This may be indicative of an industry that’s taking a more integrated approach to improving subrogation outcomes by pairing automation with broader recovery strategies and workforce enablement. It also suggests carriers aren’t questioning whether subrogation needs to evolve -- they're focused on how to evolve it in a way that improves outcomes without weakening the expertise, accountability, and judgment the function depends on.

Figure 13

The data around subrogation teams' AI readiness reinforces this point. Nearly every study participant (96%) said their teams are either somewhat comfortable or very comfortable using AI-guided workflows or decision-support tools.
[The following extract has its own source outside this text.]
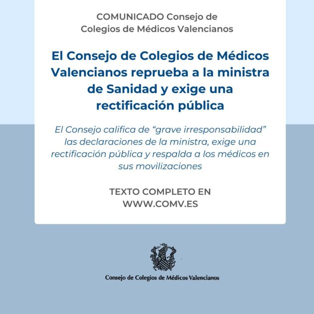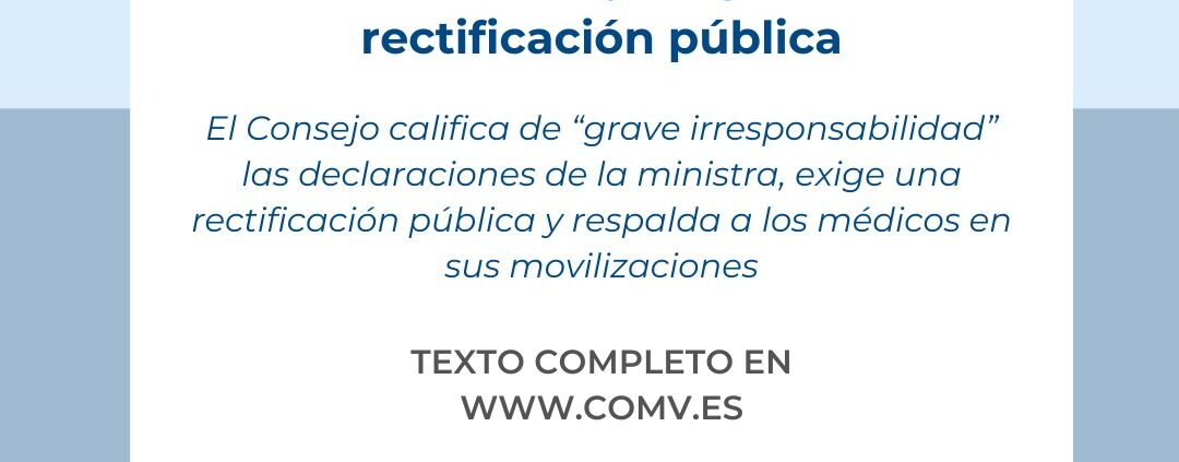 - Desde el Consejo de Colegios de Médicos Valencianos, Sra ministra, le exigimos una rectificación pública de sus declaraciones, dado que la utilización de afirmaciones no contrastadas contribuye a deteriorar la confianza de la ciudadanía en el sistema sanitario y en sus profesionales.

Experienced and newer staff were also described as broadly supportive or receptive to adopting new technology, challenging the assumption that AI adoption will be slowed primarily by frontline resistance.

But readiness doesn't mean carriers are looking to automate subrogation indiscriminately – rather, the data indicates a more nuanced adoption environment. Insurers want AI that helps them do the work better, not simply move the work elsewhere or remove people from the process. They're focused on strengthening internal capacity, improving consistency, and giving teams better guidance at the moments where decisions have the greatest impact.

That distinction matters because the considerations around AI adoption are important. Privacy risks were cited by 88% of respondents, followed by accuracy or liability exposure at 54%, ethical considerations at 51%, and concern about replacing human judgment at 45%.

Figure 14

These barriers are less indicative of resistance and more reflective of the standards carriers expect AI-enabled tools to meet. Subrogation is judgment-intensive work and teams still need to assess liability, interpret estimates, evaluate documentation, negotiate effectively, and decide when escalation is warranted. The opportunity isn't for AI to replace subrogation expertise, but to make it more scalable, consistent, and actionable.

The Next Era of Subrogation: Timeliness and Consistency

The future of success of subrogation teams is predicated on how insurers address several key challenges: rising claim complexity, shifting workforce experience, growing arbitration demands, and the need to identify recovery opportunities earlier and more consistently.

Key findings from The Future of Auto Subrogation Claims Operations underscore the opportunity to turn subrogation from a reactive recovery function into a more connected, data-driven performance lever. The data shows that carriers have recognized this new reality and understand the importance of investing in the right people, processes, and technology to support this next phase of growth.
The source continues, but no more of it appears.